# Freshwater to Brackish



## cheseboy (Aug 5, 2005)

Can plants adapt from freshwater to brackish or do you need to buy plants that survive in brackish waters in the wild. I know they sell brackish water plants but is it really nessasary, or will FW plants adapt. I'm talking about plants like water sprite.


----------



## Fishboy93 (Jun 11, 2005)

Actually very few FW can adapt to BW. Java Fern is one of the few that will adapt. I would buy the brackish plants


----------



## DavidDoyle (Jan 18, 2005)

You need to get plants that will live in brackish. Many fw plants are very salt intolerant.

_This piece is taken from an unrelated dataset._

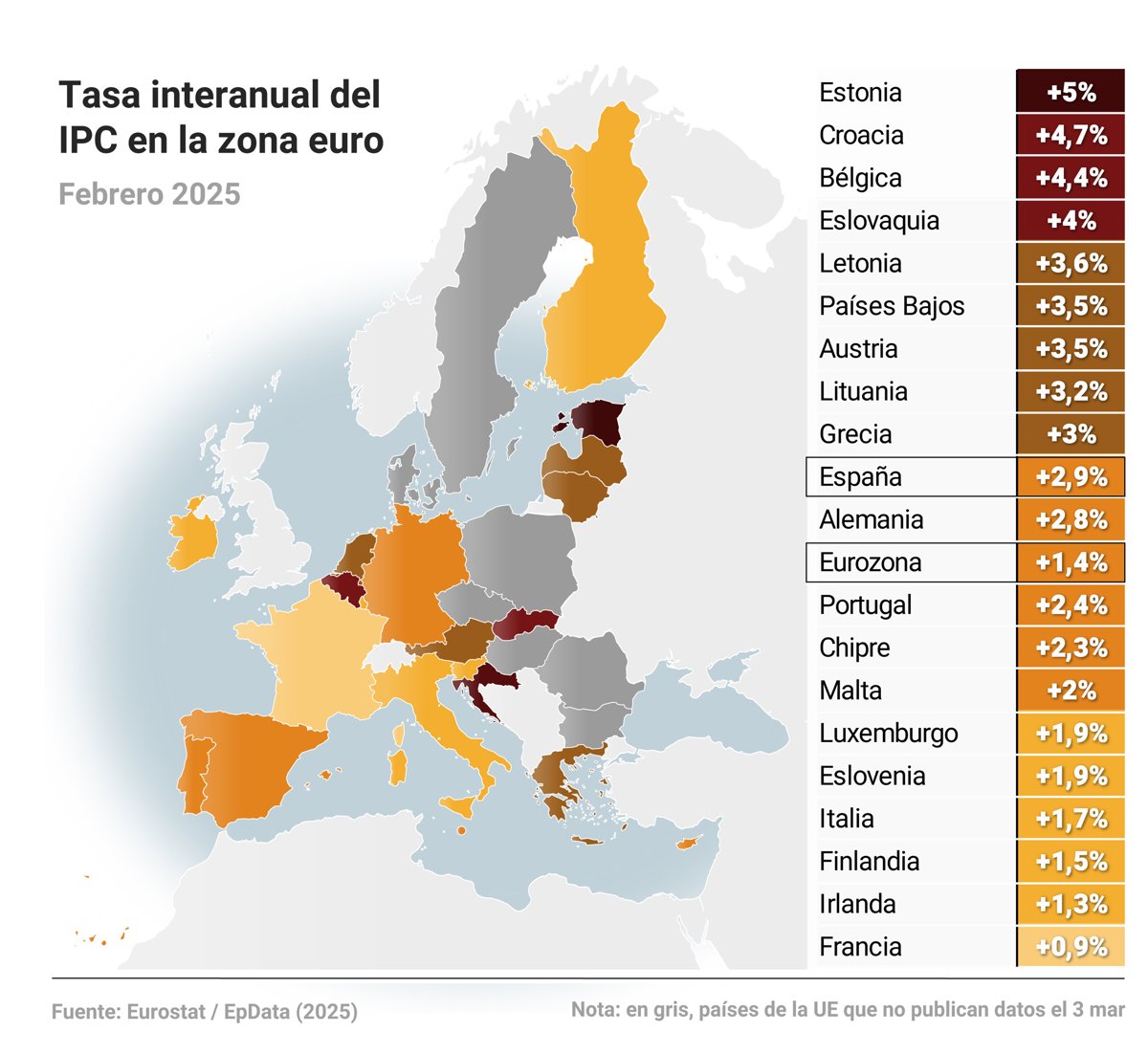Entre los países de la eurozona, las mayores tasas de inflación en febrero correspondieron a Estonia (5%), por delante de Croacia (4,7%) y de Bélgica (4,4%), mientras que las menores subidas de precios se observaron en Francia (0,9%), Irlanda (1,3%) y Finlandia (1,5%).

Those that can work in brackish include:

Aponogeton crispus 
Bacopa monnieri 
Cladophora aegagropila 
Crinum calamistratum 
Crinum natans 
Crinum thaianum 
Cryptocoryne pontederiifolia 
Cryptocoryne wendtii 'Mi Oya'
Glossostigma elatinoides 
Lilaeopsis brasiliensis 
Lilaeopsis macloviana 
Lilaeopsis novae-zelandiae 
Microsorum pteropus ''Narrow''
Microsorum pteropus ''Undulata''
Microsorum pteropus ''Philippine''
Microsorum pteropus ''Red''
Nymphaea lotus (zenkeri)
Samolus valerandi 
Shinnersia rivularis 
Spathiphyllum wallisii 
Vesicularia dubyana


----------



## awesome kid (Jun 10, 2005)

be careful, most will only survive with an sg less than .05, it would have to be a low brackish if you want plants


----------